Multiple Right-Hand Sides (Block Solve)

import numpy as np
from scipy.sparse import random as sparse_random
from blocksolver import blqmr

# Create a complex symmetric matrix (common in frequency-domain FEM)
n = 5000
# Random symmetric: A = B + B.T to ensure symmetry
B = sparse_random(n, n, density=0.01, format='csc')
A = (B + B.T) / 2 + 1j * sparse_random(n, n, density=0.005, format='csc')
A = (A + A.T) / 2  # Ensure complex symmetric (A = A.T, not A.conj().T)

# 16 right-hand sides (e.g., 16 source positions in imaging)
num_sources = 16
B = np.random.randn(n, num_sources) + 1j * np.random.randn(n, num_sources)

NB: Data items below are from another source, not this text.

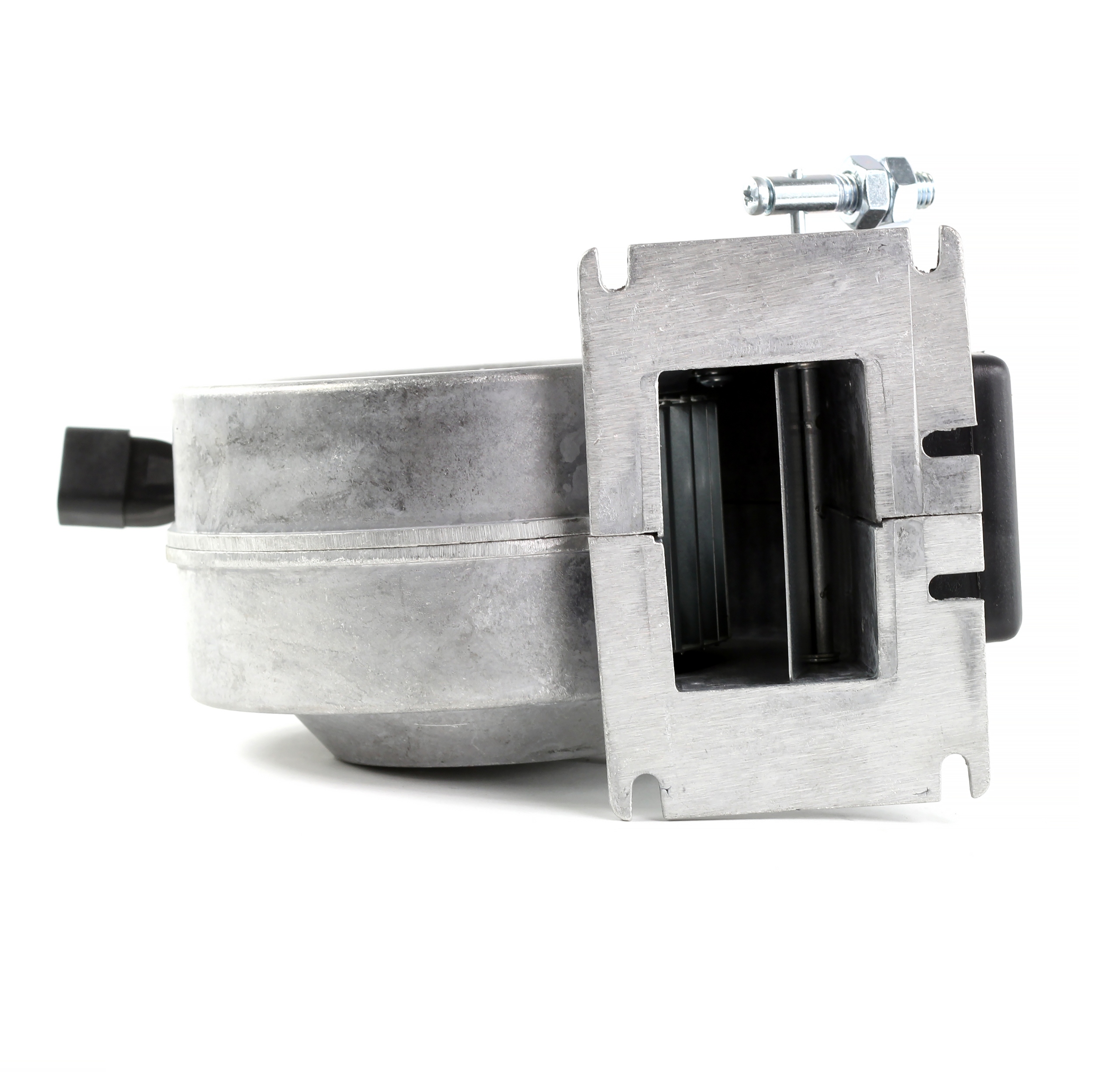 Вентилятор оснащен воздушной заслонкой (заслонкой), которая предотвращает протягивание воздуха через крыльчатку, когда вентилятор не работает. Это помогает поддерживать более стабильную температуру в котле. Регулировка заслонки осуществляется с помощью рычага с двумя гайками. Описание регулировки можно найти в руководстве пользователя.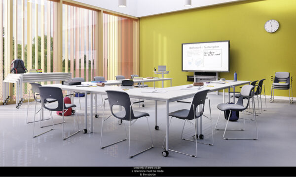 - Estructura de tubo de acero curvado, soldado y cromado (d= 12 mm). Opcionalmente disponible como silla con reposabrazos con soporte de plástico para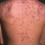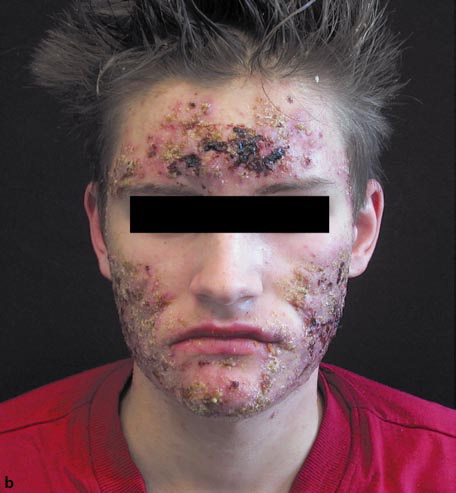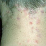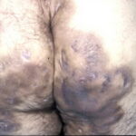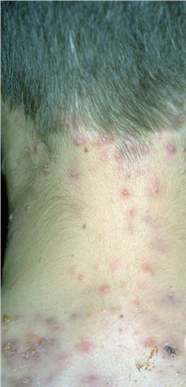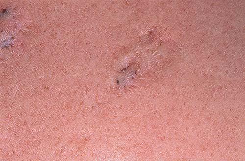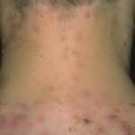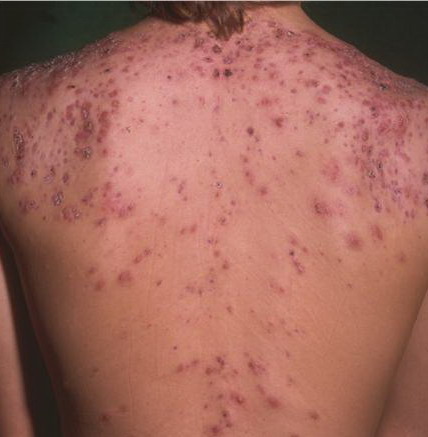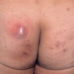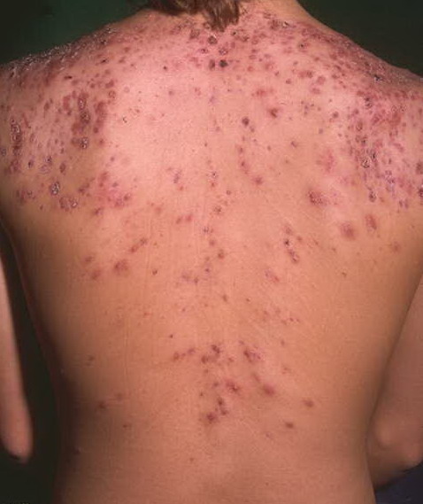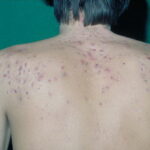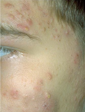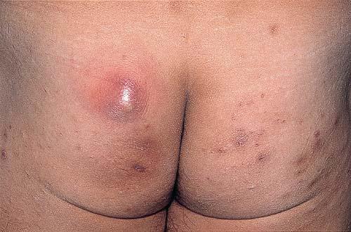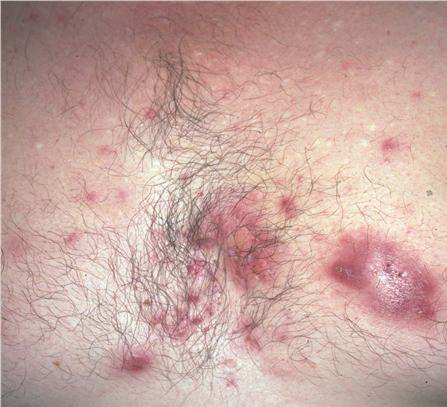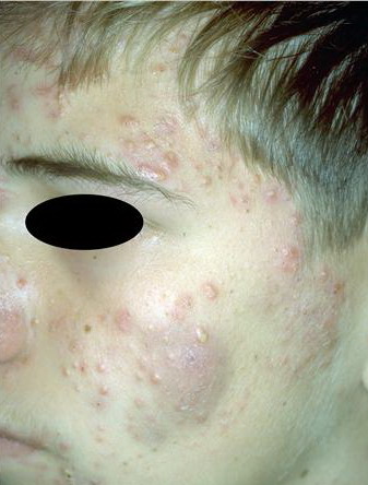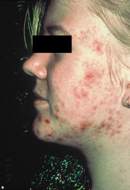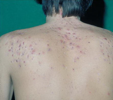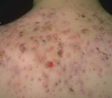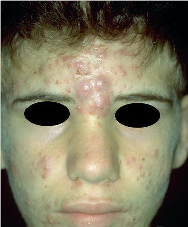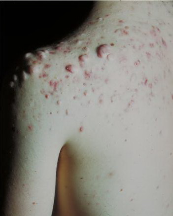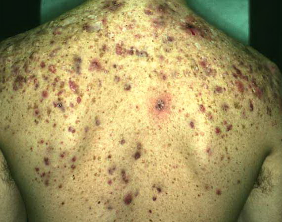 Acne conglobata, a severe form of nodular acne is most common in teenage males but can occur in either sex and into adulthood. Acne conglobata (conglobate means shaped in a rounded mass or ball) is a mixture of comedones, papules, pustules, nodules, abscesses, and scars. It can be on the back, buttocks, chest, and, to a lesser extent, on the abdomen, shoulders, neck, face, upper arms, and thighs . The comedones often have multiple openings. The inflammatory lesions are large, tender, and dusky-colored. The draining lesions discharge a foul-smelling serous, purulent, or mucoid material. Subcutaneous dissection with the formation of multichanneled sinus tracts is common. Healing results in an admixture of depressed and keloidal scars. The management of these patients is very difficult and the effect of treatment is often temporary. Several medications have been used, including intensive high-dose therapy with antibiotics, intralesional glucocorticoids, systemic glucocorticoids, surgical débridement, surgical incision, and surgical excision. The use of isotretinoin has produced dramatic results in some of these patients. In severe cases, dosages as high as 2 mg/kg/day for a 20-week course may be necessary. However, because severe flares may occur when isotretinoin is started, the initial dose should be 0.5 mg/kg/day or less, and systemic glucocorticoids are often required either before initiating isotretinoin therapy or as concomitant therapy.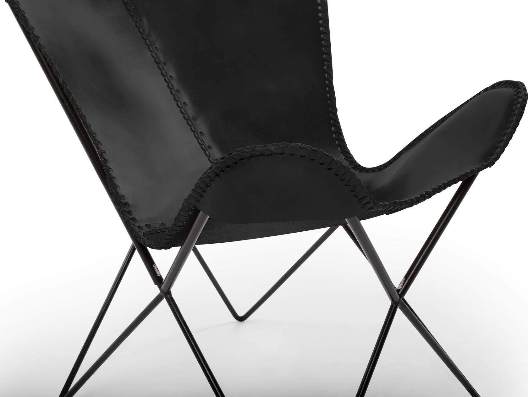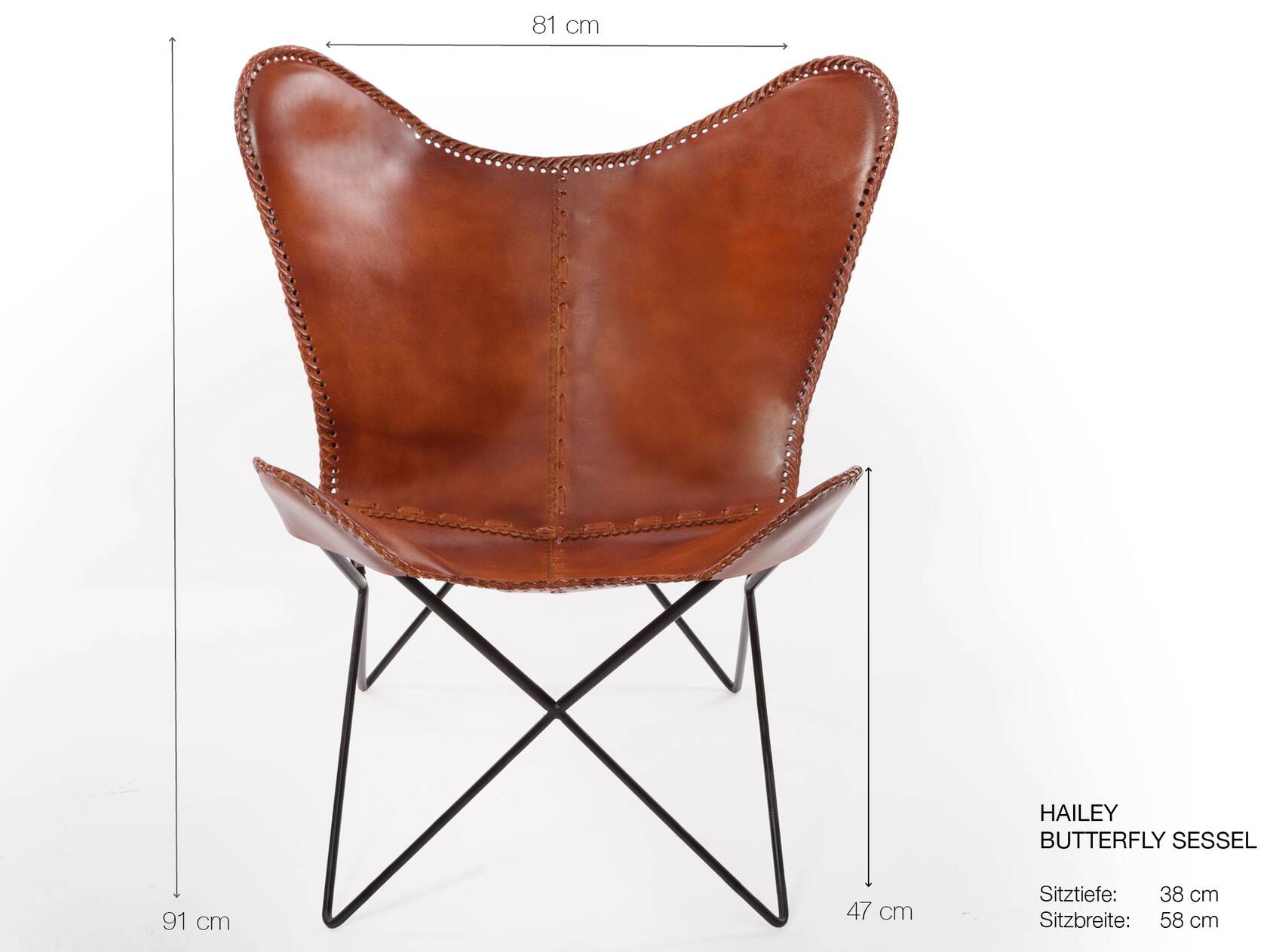 HAILEY Sessel Butterfly, Bezug Echtleder, Gestell Metall schwarz?

# Block solve - all 16 RHS solved together, sharing Krylov information
result = blqmr(
    A,                     # Complex symmetric matrix
    B,                     # Multiple RHS as columns (n x 16)
    tol=1e-8,              # Tolerance applies to worst-case RHS
    maxiter=1000,          # Max block iterations
    precond_type='diag'    # Diagonal preconditioner (ILU may fail for complex)
)

print(f"Solution shape: {result.x.shape}")  # (5000, 16)
print(f"Block iterations: {result.iter}")   # Much less than 16 * single iterations
print(f"All converged: {result.converged}")

# Verify each solution
for i in range(num_sources):
    res = np.linalg.norm(A @ result.x[:, i] - B[:, i]) / np.linalg.norm(B[:, i])
    print(f"  RHS {i+1}: residual = {res:.2e}")

Custom Preconditioning

import numpy as np
from scipy.sparse import diags
from scipy.sparse.linalg import spilu
from blocksolver import blqmr, make_preconditioner, SparsePreconditioner

# Create test matrix
n = 2000
A = diags([-1, 4, -1], [-1, 0, 1], shape=(n, n), format='csc')
b = np.random.randn(n)

# Option 1: Use built-in preconditioner factory
M_diag = make_preconditioner(A, 'diag')   # Diagonal (Jacobi)
M_ilu = make_preconditioner(A, 'ilu')     # Incomplete LU

result = blqmr(A, b, M1=M_diag, precond_type=None)  # precond_type=None when M1 provided

# Option 2: Split preconditioning for symmetric systems
# This preserves symmetry of the preconditioned system
d = np.abs(A.diagonal())
d[d < 1e-14] = 1.0
sqrt_d = np.sqrt(d)
M_sqrt = diags(sqrt_d, format='csc')

result = blqmr(
    A, b,
    M1=M_sqrt,             # Left preconditioner: M1^{-1} * A * M2^{-1}
    M2=M_sqrt,             # Right preconditioner: recovers x = M2^{-1} * y
    precond_type=None      # Disable auto-preconditioner when M1/M2 provided
)

# Option 3: Custom ILU with tuned parameters
ilu_factor = spilu(
    A.tocsc(),
    drop_tol=1e-4,         # Drop entries smaller than this (smaller = stronger)
    fill_factor=10         # Allow up to 10x fill-in
)
M_custom = SparsePreconditioner(ilu_factor)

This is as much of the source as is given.